The Republican-led chambers instead quickly adjourned after less than two hours, saying they didn’t want to respond in the heat of passion. They kicked the issue to the state’s bipartisan crime commission for a more thoughtful study and recommendations.
Cutting short the legislative session is now a powerful political weapon against lawmakers involved in the decision, said Robyn Sordelett, an activist with Moms Demand Action, part of Mr. Bloomberg’s group.
Ms. Sordelett, who lives in Prince George County south of Richmond, said cutting off the assembly debate on guns horrified voters and further elevated firearms.
“It has skyrocketed to the top of the issues,” she said.
Ms.
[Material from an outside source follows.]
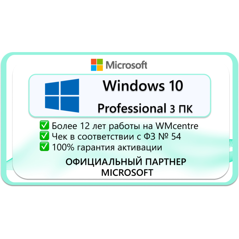 WINDOWS 10 PRO 32/64 bit 3 ПК Microsoft Партнёр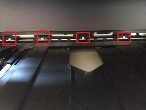 Estos rodillos de plástico son los principales causantes de las marcas. No se pueden quitar. Sí se pueden limpiar, con líquido limpiador para impresoras aplicado en un papel absorbente; límpielos a medida que los hace rodar; deje secar unos 15 minutos y vuelva a imprimir.

Sordelett called gun control a nonpartisan issue, and that may be true for voters.
But for lawmakers and for groups such as the NRA and Moms Demand Action, it’s about as partisan as can be.
Gun control activists say a Democrat-controlled assembly would deliver the restrictions they are demanding. Second Amendment supporters count on Republican control to squelch any action.
So eager are the gun control advocates to secure a Democratic majority that they have branched out to run ads on other issues in the liberal playbook, said Willes K. Lee, a Virginia resident and second vice president of the NRA.
“They’re desperately trying make this appear as a ’gun election’ by fogging it up with other issues,” he said, adding that national gun control groups are outspending the NRA by a ratio of 8-to-1.
Education, health care and spending are perennial issues, and the state’s right-to-work status is also seen in danger if Democrats win control of the General Assembly. Some analysts consider the election a referendum on President Trump.
But the ads on other issues could indicate that the shooting rampage in late May isn’t resonating as well as gun control activists had hoped.
One Republican campaign official said polling backs up that theory.
The Virginia Beach shooting didn’t move the needle at all, the Republican strategist said. The August shootings in El Paso, Texas, and Dayton, Ohio, did cause a spike in interest, but it’s not clear they are producing any new voters. Instead, the shootings resonated with Democrats already poised to vote, the official said.
Everytown for Gun Safety has polling from over the summer in the three big population centers in Virginia that suggests otherwise. They found that when voters are told that Republicans oppose red flag laws to take guns from the hands of those deemed dangerous, it drew the largest — and negative — reaction of any issue tested.
“Put another way, the issue of gun violence and policies to address gun violence are top-of-mind for likely November 2019 Virginia General Assembly voters in swing districts throughout the state,” the group’s pollster concluded.
Mr. Crump, the Gun Owners of America official, said he sees the attention on gun control benefiting his side.
“The more that they campaign on anti-gun politics, I think the more it’s going to encourage pro-gun people in the state to get out and vote,” he said.